◆ Work item
In the listing below, start your output at the line with "图为2107顾思诚、韩永松同学演唱的歌曲《紫荆花盛开》。记者 许振烨 摄" and end it after the line with "Плотные кокосовые шарики", copying every line exactly.

------ Supplied information ------

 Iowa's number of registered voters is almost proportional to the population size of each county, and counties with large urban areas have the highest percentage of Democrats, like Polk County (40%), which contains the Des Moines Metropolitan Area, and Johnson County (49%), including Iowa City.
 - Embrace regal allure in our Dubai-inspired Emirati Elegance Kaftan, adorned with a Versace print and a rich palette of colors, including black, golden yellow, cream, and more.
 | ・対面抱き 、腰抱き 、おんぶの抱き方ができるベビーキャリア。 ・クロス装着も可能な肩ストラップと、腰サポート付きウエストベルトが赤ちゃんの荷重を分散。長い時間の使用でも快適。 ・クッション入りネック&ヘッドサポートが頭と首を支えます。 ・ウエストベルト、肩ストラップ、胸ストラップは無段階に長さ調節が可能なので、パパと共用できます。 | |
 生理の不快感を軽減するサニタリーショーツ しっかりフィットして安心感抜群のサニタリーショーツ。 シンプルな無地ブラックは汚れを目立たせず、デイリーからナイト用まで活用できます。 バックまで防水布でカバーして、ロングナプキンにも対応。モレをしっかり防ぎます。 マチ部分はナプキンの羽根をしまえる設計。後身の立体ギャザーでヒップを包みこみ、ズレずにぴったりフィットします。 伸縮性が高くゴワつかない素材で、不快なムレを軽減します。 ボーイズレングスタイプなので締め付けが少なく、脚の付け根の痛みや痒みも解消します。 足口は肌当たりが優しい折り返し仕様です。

------
------ Supplied information ------

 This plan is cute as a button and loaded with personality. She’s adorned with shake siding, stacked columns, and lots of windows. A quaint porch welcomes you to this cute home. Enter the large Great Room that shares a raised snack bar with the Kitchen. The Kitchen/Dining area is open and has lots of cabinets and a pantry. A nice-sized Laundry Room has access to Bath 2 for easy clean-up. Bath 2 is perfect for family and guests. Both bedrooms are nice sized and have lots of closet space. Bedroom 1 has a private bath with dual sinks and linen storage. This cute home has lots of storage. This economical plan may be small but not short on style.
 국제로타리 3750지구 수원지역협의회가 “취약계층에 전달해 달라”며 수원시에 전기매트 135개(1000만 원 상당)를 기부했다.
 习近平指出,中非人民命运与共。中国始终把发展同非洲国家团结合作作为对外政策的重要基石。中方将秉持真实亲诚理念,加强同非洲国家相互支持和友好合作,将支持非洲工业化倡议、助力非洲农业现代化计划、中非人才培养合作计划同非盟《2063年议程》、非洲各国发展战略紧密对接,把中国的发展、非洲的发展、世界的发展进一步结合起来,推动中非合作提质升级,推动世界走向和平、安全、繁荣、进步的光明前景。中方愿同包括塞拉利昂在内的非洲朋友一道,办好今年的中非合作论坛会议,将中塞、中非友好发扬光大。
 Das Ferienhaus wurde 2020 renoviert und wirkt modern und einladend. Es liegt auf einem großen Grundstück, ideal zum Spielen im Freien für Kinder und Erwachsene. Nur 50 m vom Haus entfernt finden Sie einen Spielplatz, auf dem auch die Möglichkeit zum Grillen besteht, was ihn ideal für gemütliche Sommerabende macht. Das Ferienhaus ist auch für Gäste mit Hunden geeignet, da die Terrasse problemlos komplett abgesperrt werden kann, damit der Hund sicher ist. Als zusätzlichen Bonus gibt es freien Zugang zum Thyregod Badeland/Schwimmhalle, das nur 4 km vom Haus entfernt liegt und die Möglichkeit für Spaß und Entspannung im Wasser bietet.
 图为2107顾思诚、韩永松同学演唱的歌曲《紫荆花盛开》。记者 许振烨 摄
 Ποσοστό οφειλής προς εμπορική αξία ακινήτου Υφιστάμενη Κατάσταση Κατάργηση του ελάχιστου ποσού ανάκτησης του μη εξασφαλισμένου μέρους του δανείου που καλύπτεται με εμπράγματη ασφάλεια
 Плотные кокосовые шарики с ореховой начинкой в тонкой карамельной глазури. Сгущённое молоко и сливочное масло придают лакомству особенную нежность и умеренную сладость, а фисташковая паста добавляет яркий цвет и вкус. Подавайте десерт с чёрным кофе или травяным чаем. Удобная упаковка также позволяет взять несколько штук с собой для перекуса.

------

◆ Finished task
 图为2107顾思诚、韩永松同学演唱的歌曲《紫荆花盛开》。记者 许振烨 摄
 Ποσοστό οφειλής προς εμπορική αξία ακινήτου Υφιστάμενη Κατάσταση Κατάργηση του ελάχιστου ποσού ανάκτησης του μη εξασφαλισμένου μέρους του δανείου που καλύπτεται με εμπράγματη ασφάλεια
 Плотные кокосовые шарики с ореховой начинкой в тонкой карамельной глазури. Сгущённое молоко и сливочное масло придают лакомству особенную нежность и умеренную сладость, а фисташковая паста добавляет яркий цвет и вкус. Подавайте десерт с чёрным кофе или травяным чаем. Удобная упаковка также позволяет взять несколько штук с собой для перекуса.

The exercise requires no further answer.